Because . . . I knew how I felt too. And I might be more than a little halfway in love with him, I was pretty sure, but . . . he was right. It didn’t feel right yet. Some part of it. Maybe it was all just the physical aspect, but maybe I needed to be certain too. A part of me needed to tread with some caution. I didn’t want to get my heart broken again.
The truth was, I liked him even more for saying those words. For thinking that deeply. I liked him so much in so many ways.
And if we were both on the same page, then that was more important than anything else.
One day I’d know how his lips felt, but it didn’t have to be right at that moment, and that filled me with so much joy and playfulness I couldn’t help but smile, inside and outside. It renewed a need inside of me to win him over. To make him more than my friend.
I wasn’t sure if he could see my face or not, but I still raised my eyebrows and told him in a voice that was way too cheery for how tired—and turned on—I was, “Well, if you want to sleep naked, I’m okay with it.”
The burst of his laughter surprised the shit out of me, and I couldn’t help but laugh too.
This was so right, there was no reason to rush anything.
“No thanks,” he said once his laugh slowed.
I’d made a lot of people laugh in my life, but I wasn’t sure I’d ever felt this triumphant. “If you change your mind, go for it,” I told him, totally serious. “My body is too tired, but my eyeballs aren’t.”
He laughed some more, the sounds slow and subtle and raspy. If I could’ve bottled it up, I would have, because all I could do when I heard it was smile.
“I don’t sleep naked either, if you’re wondering,” I told him, wanting to lighten the mood.
He laughed again, but it was totally different. Husky. Loaded. Nice.
Take it easy.We were both tired, and we were going to sleep. Right.
I pulled the sheets up to my chin and rolled over, facing the door as Rhodes headed into the bathroom, flipping on the light but leaving the door open. The tap ran briefly; then I heard him brushing his teeth. The water ran again, there was some splashing, and just as I started to get sleepy once more, tucking the pillow in close under my neck, I made sure I wasn’t too far over in either direction.

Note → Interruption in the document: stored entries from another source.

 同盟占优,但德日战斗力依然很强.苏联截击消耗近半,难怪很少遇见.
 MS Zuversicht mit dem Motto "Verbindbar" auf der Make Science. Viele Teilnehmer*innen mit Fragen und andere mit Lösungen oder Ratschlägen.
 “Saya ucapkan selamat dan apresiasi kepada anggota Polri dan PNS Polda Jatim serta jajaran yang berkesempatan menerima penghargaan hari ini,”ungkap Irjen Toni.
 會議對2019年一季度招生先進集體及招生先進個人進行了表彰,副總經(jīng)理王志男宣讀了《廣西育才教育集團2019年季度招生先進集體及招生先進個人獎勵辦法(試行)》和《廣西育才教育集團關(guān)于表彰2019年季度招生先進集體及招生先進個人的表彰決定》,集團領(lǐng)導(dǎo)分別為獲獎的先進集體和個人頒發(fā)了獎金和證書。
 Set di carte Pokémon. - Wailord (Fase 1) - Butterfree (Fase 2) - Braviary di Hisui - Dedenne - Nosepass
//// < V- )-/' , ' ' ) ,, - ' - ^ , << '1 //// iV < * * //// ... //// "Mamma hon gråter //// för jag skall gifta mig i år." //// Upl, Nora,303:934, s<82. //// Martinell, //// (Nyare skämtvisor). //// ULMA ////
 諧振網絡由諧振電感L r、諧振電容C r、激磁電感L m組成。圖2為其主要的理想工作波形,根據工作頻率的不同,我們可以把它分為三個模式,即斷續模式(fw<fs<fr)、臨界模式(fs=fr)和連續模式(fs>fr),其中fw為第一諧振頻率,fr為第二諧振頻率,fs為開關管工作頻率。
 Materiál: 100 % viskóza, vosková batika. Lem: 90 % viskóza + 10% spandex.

The light flipped off, and I didn’t bother pretending like I was asleep, but I tried to steady my breathing, thinking of just how sexy my tank top and baggy pajama pants with reindeers on them were.

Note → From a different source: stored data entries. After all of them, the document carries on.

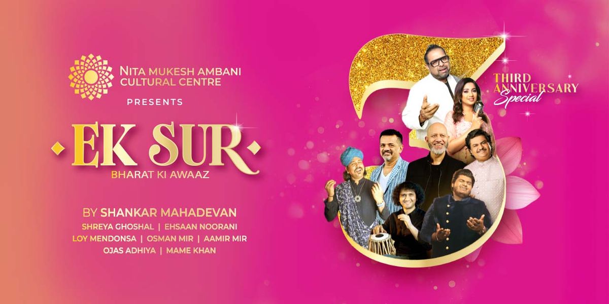 As the Nita Mukesh Ambani Cultural Centre marks three transformative years, it is all set to celebrate with ‘Ek Sur - Bharat Ki Awaaz’ – a grand musical tribute. Conceived as a journey across the country’s vast sonic landscape, the evening features the legendary trio Shankar Mahadevan, Ehsaan Noorani, and Loy Mendonsa, alongside leading playback sensation Shreya Ghoshal, Rajasthani folk icon Mame Khan, Gujarat’s celebrated duo Osman & Aamir Mir, and percussion prodigy Ojas Adhiya.
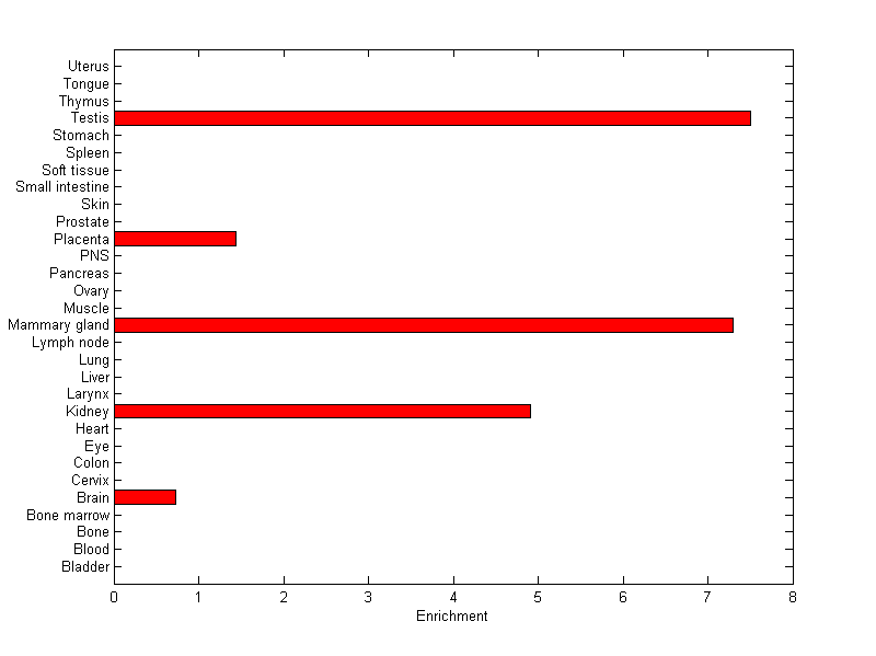 The expression level is normalized with tissue-library size. Each value for a gene in a tissue is a ratio of observed ESTs to the expected one in this tissue. The expected number of ESTs is the product of total ESTs of the gene and the fraction of total ESTs in the tissue among all ESTs in 30 tissues.
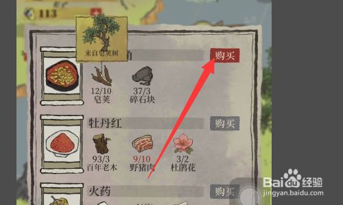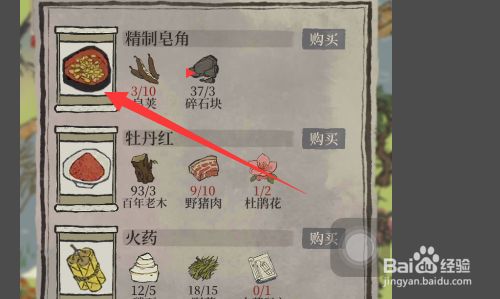 然后我们在地图上去凑齐皂荚和碎石块,我们点击其右侧的购买即可获得精致皂角

The bed dipped and there were more sounds of something heavy being set on the nightstand before the familiar beep of his phone being plugged in.
“’Night, Rhodes,” I said.
The bed dipped a little more as the covers were pulled taut at my back, and after a moment, I felt him settle in.
He stretched. He sighed so deeply, I felt bad for how tired he had to be. He’d been gone a lot longer than I’d bet he’d expected.

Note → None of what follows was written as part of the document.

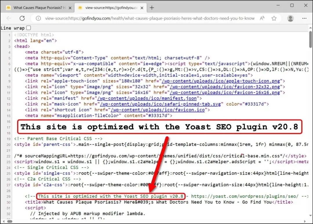 在上图中,研究人员添加了一个红色箭头,指向hxxps://gofindyou[.]com/health/what-causes-plaque-psoriasis-heres-what-doctors-need-you-to-know的标题党内容,快速检查发现这个网站至少运行了一个过时的软件。来自网页的HTML代码表明它使用了用于Yoast SEO的WordPress插件,如下图所示:
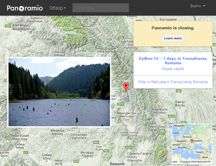 Компания Google сообщила о закрытии бесплатного сервиса Panoramio, позволяющего публиковать фотографии с привязкой к координатам на картах Google Maps. О намерении закрыть Panoramio поисковый гигант сообщил еще в 2014 году, но реакция пользователей заставила его отложить этот шаг.

“Goodnight, Aurora,” I muttered to myself when he didn’t reply.
His chuckle made me smile right before he whispered right back, “Goodnight.”
I rolled over.
He was lying facing me. I strained to see his features. His eyes were already drooping, but there was the faintest little hint of a smile on his incredible mouth.
“Can I ask you something and you won’t get mad?”
His “yes” came a lot faster than I would have expected.
But I braced myself anyway. “It’s kind of personal.”
“Ask.”
“Why doesn’t anyone call you Tobias other than your dad?”
He let out a soft, soft breath. “My mom called me that.”
Could I have asked a worse question? I doubted it. “I’m sorry I brought it up. I was just curious. It’s a nice name.”
“It’s all right,” he replied softly.
I had to fix this. “Just so you know . . . I really like you. More than I probably should too.”
He said one thing and one thing only: “Good.”
I bit my lip again. “Hey, can I ask you one last thing?”
I was pretty sure I hadn’t ruined the night when I heard a lazy grunt. “Yes.”
“Were you being serious about there being a bat or . . . ?”
His sleepy chuckle made me smile. “’Night, angel face.”